На крыльцо, толкаясь, вылетели Дмитрий с Алексеем — на девичий крик. Замерли, ничего не понимая.
Внезапно наверху что-то заскрипело, захрустело. По шву, где балкон соединялся со стеной, пробежала трещина, расползлась. Офицер с казаком отпрянули назад.
— В сторону! — взвизгнула Василиса, оттаскивая Илью от опасного места.
Вовремя: италианский балкон, краса фасада, с преужасным грохотом обвалился вниз, подняв целую тучу пыли.
Через минуту двор огласился громким смехом и звонким чиханием.
Трое мужчин и девица, перепачканные, но совершенно целые, громко ликовали.
— …Думала, разобьюсь! Он, как из-под земли, вырос!

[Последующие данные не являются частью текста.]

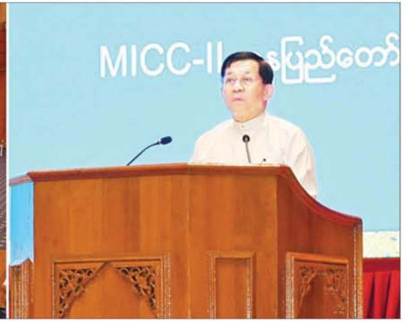
နိုင်ငံတော်စီမံအုပ်ချုပ်ရေးကောင်စီဥက္ကဋ္ဌ နိုင်ငံတော်ဝန်ကြီးချုပ် ဗိုလ်ချုပ်မှူးကြီး မင်းအောင်လှိုင် မြန်မာနိုင်ငံလုံးဆိုင်ရာ ပညာရေးညီလာခံ (၂၀၂၄) ဖွင့်ပွဲအခမ်းအနားတွင် မိန့်ခွန်းပြောကြားစဉ်။

— Илюха, ты стоишь?! Ходишь?!
— Говорили же каменщики: смотреть можно, ступать ни-ни… А-ха-ха-ха!
У Ильи слов не было, он радостно гудел невнятное, хлопал себя по ляжкам, притоптывал на месте.
Сверху, из пустого дверного проёма, который в отсутствие балкона смотрелся весьма нелепо, за ликующими наблюдал стройный юноша. Взгляд его фиалковых глаз были строг и сосредоточен. Поочередно остановился на каждом из четырех лиц и устремился дальше, к воротам.
Туда как раз въезжал всадник, никем кроме юноши не замеченный.
Он натянул поводья, сдвинул чёрные с проседью брови и со спокойным удивлением воззрился на весельчаков, отряхивая дорожный прах с камзола.
На улице остался эскорт, четверо синемундирных конников, у каждого в седельном чехле по карабину.
Княжна наконец оглянулась.
— Дядя! Твой балкон всё-таки обвалился! Я чуть не расшиблась! Кабы не… — Здесь Василиса запнулась. — …Кабы не этот вот человек, не было б у тебя племянницы.
Застигнутые врасплох появлением начальника, приятели повели себя неодинаково.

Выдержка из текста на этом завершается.